> EXERCISE
Repeat every record exactly, but keep images out of the copy.

Recorded data:
*** Block opens ***

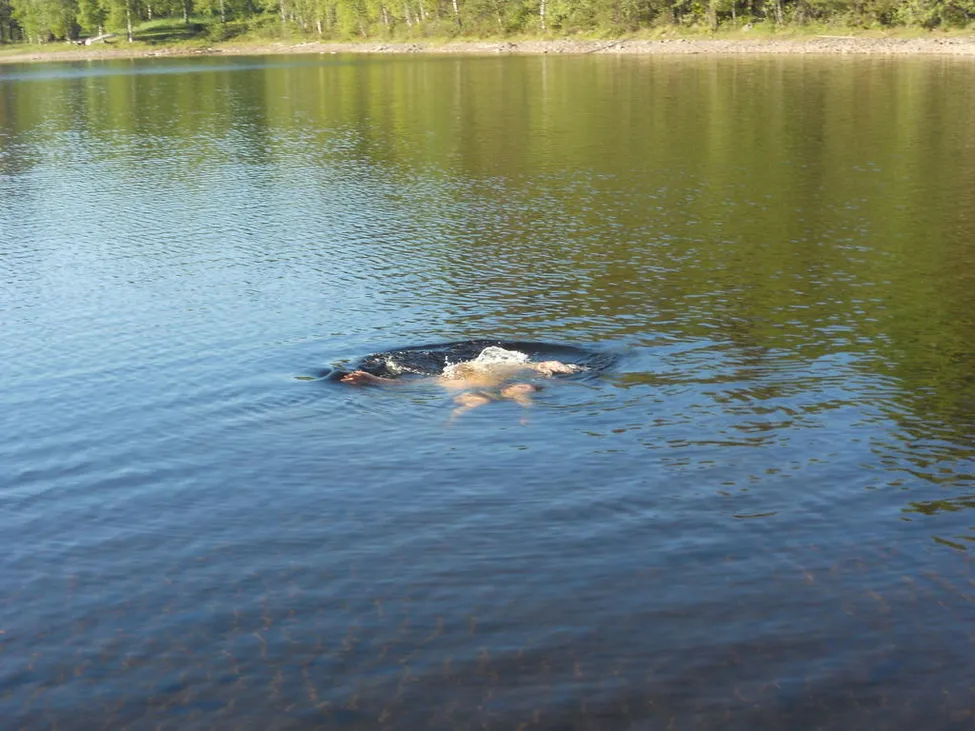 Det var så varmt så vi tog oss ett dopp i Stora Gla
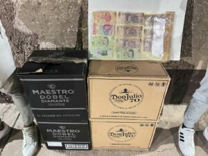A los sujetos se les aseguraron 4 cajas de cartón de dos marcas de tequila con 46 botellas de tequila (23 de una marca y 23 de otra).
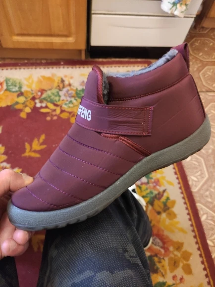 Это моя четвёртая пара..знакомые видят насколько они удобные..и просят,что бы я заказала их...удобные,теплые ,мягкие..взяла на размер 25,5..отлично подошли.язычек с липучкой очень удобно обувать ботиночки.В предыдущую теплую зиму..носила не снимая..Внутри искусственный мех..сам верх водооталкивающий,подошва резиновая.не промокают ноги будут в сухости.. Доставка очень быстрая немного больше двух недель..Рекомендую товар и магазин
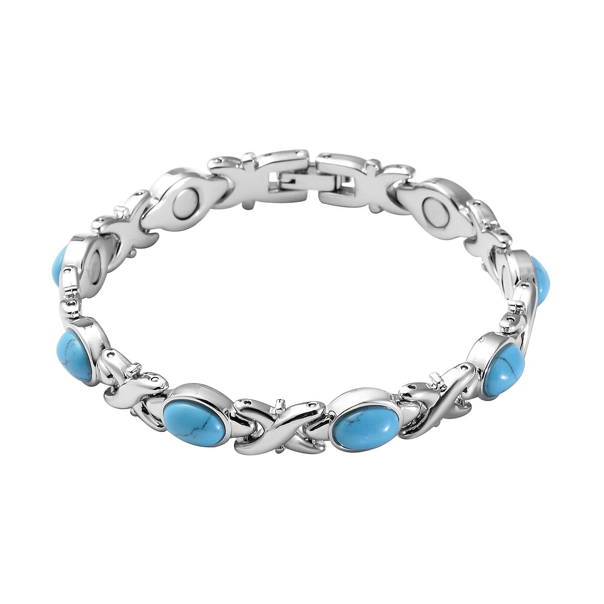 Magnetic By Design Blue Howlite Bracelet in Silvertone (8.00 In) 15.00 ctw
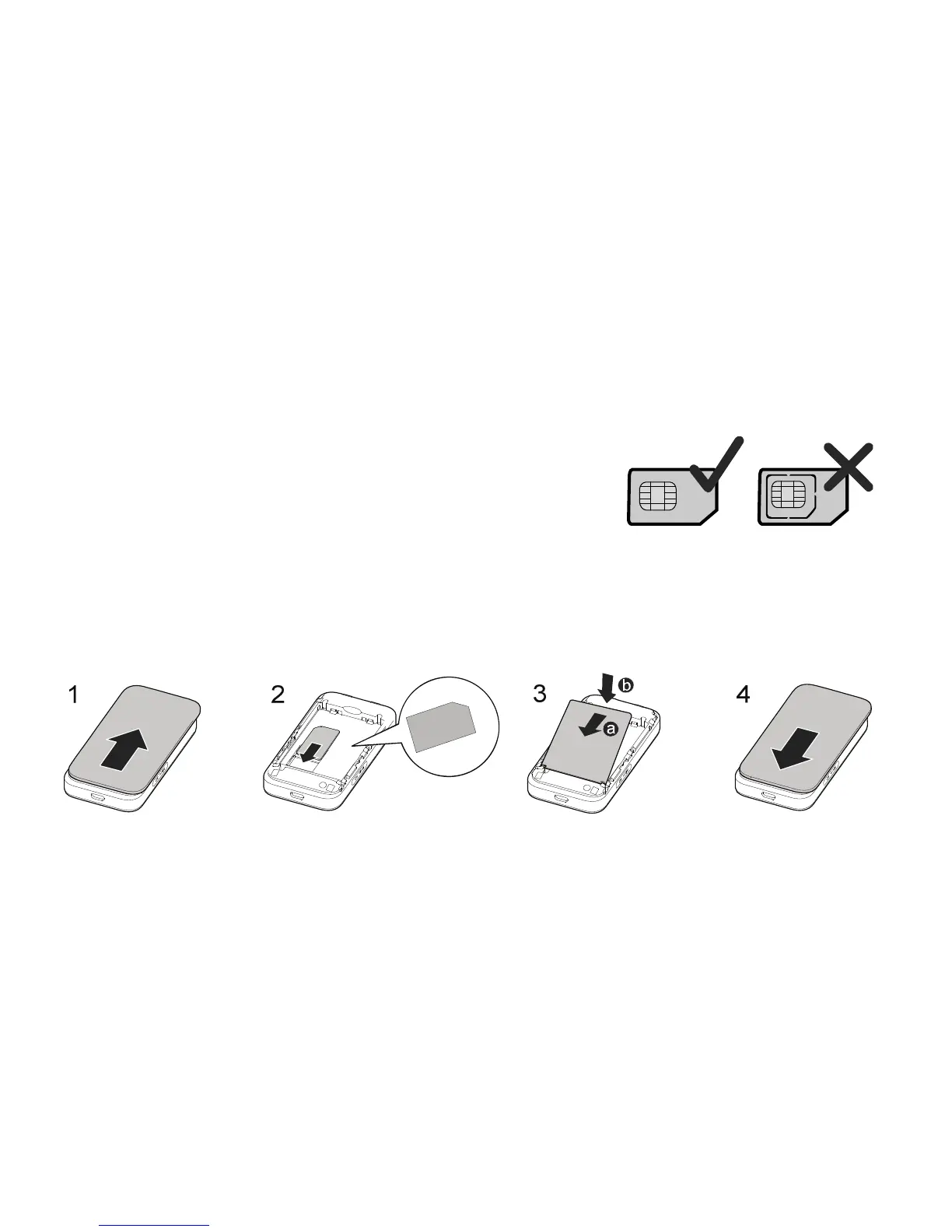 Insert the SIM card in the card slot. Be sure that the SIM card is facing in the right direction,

*** Block closes ***

> RESULT BELOW
 Det var så varmt så vi tog oss ett dopp i Stora Gla
A los sujetos se les aseguraron 4 cajas de cartón de dos marcas de tequila con 46 botellas de tequila (23 de una marca y 23 de otra).
 Это моя четвёртая пара..знакомые видят насколько они удобные..и просят,что бы я заказала их...удобные,теплые ,мягкие..взяла на размер 25,5..отлично подошли.язычек с липучкой очень удобно обувать ботиночки.В предыдущую теплую зиму..носила не снимая..Внутри искусственный мех..сам верх водооталкивающий,подошва резиновая.не промокают ноги будут в сухости.. Доставка очень быстрая немного больше двух недель..Рекомендую товар и магазин
 Magnetic By Design Blue Howlite Bracelet in Silvertone (8.00 In) 15.00 ctw
 Insert the SIM card in the card slot. Be sure that the SIM card is facing in the right direction,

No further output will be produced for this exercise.